Clearly only one of the above plots shows a nice phase folded light curve! 

**Be aware of the need to narrow down the accuracy of the orbital period of the planet when you are analysing transit light curves and phase folding them!**

### Centering the transit
Once you have managed to get a good phase fold we will need to center our transit at t=0 with 0 in the middle of our plot. Doing this will make the data esier to read and analyse.

Let's look at our example again, and say we want to move the minimum to 0 in the centre of our plot. 
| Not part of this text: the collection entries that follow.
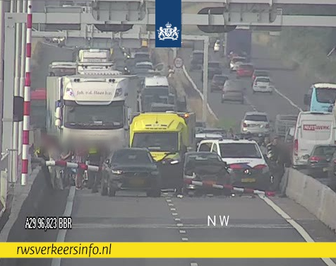 De betrokken voertuigen worden geborgen en de monteur komt nog ter plaatse voor de slagboom. De vertraging is nu 30 minuten maar dit zal afnemen. Omrijden is niet meer nodig.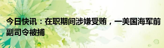 今日快讯:在职期间涉嫌受贿,一美国海军前副司令被捕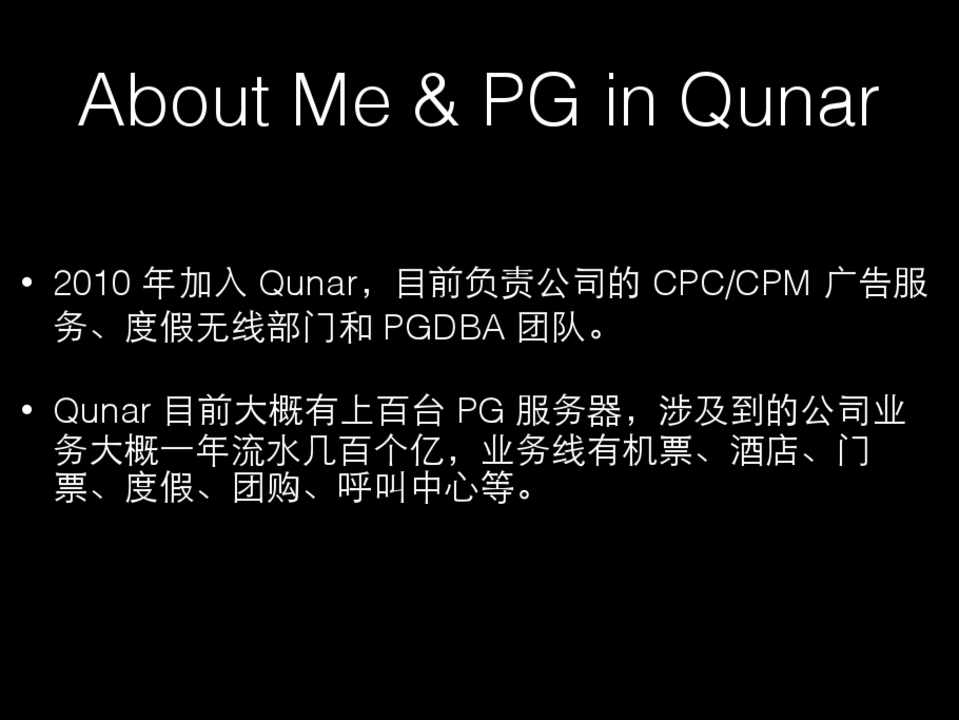 • Qunar ⺫⽬目前⼤大概有上百台 PG 服务器,涉及到的公司业 务⼤大概⼀一年流⽔水⼏几百个亿,业务线有机票、酒店、门 票、度假、团购、呼叫中⼼心等。

By-eye inspection tells us that once we have phase folded we need to subtract P/2. from the values along the x-axis.

In [27]:
tPhaseFolded=(t2%P)-P/2. # subtract or add to X to move your function along the x axis
plt.figure(figsize=(4,4))
plt.plot(tPhaseFolded,y,'b.')
plt.xlabel("$t\:\mathrm{mod}\: P - P/2.$")
plt.ylabel("$y$")
plt.tight_layout()
plt.show()

<Figure size 288x288 with 1 Axes>

I have already phase folded KIC006922244 so you can have an idea what the finished product will more or less look like. The data is in the file ```Data/KIC006922244_phaseFold.dat```. 

Here it is plotted: 

In [28]:
%matplotlib notebook
t_pf, flux2 = np.loadtxt("Data/KIC006922244_phaseFold.dat",unpack=True)
plt.figure(figsize=(4,4))
plt.plot(t_pf,flux2,'b.',markersize=2)
plt.xlabel("time % period (days)")
plt.ylabel("$L$")
plt.tight_layout()
plt.show()

<IPython.core.display.Javascript object>

The period I used for this phase fold was ```P=3.5225```. Try to find the period yourselves, to get a feel for how sensitive the phase fold is to the period estimate.

## What next?
Now that you have taken the first steps in analysing a light curve where do you go next? 


### 1. Finding planetary system parameters

Follow the guided exercises in the notebook **KeplerGuidedExercises** we have provided. This will allow you to find the following planetary system parameters by analysing the KIC006922244 lightcurve in more detail:

1. Planetary radius
2. Orbital period
3. Semimajor axis
4. Transit impact parameter
5. Orbital inclination

Once you have obtained these parameter for KIC006922244, you will be able to do the same for more planets.

### 2. Explore more light curves
In the Data directory, you will find many more light curves, try to find more planets and determine their system parameters!

### 3. Get creative
You can take your independent research in any direction you want, but below are some suggestions. If you manage to complete the analysis of the Kepler and TESS data we have provided and you wish to look at some other systems please let us know and we can provide you with lots more data!

1. Extend your search to more Kepler data and even into Tess data (some is already provided in files ```./Data/TOI...```"TOI" mean "TESS Object of Interest")
2. Automate your search, write code to automatically determine the planet parameters from a light curve
3. Try finding planet parameters for all the planets in a multiplanet system.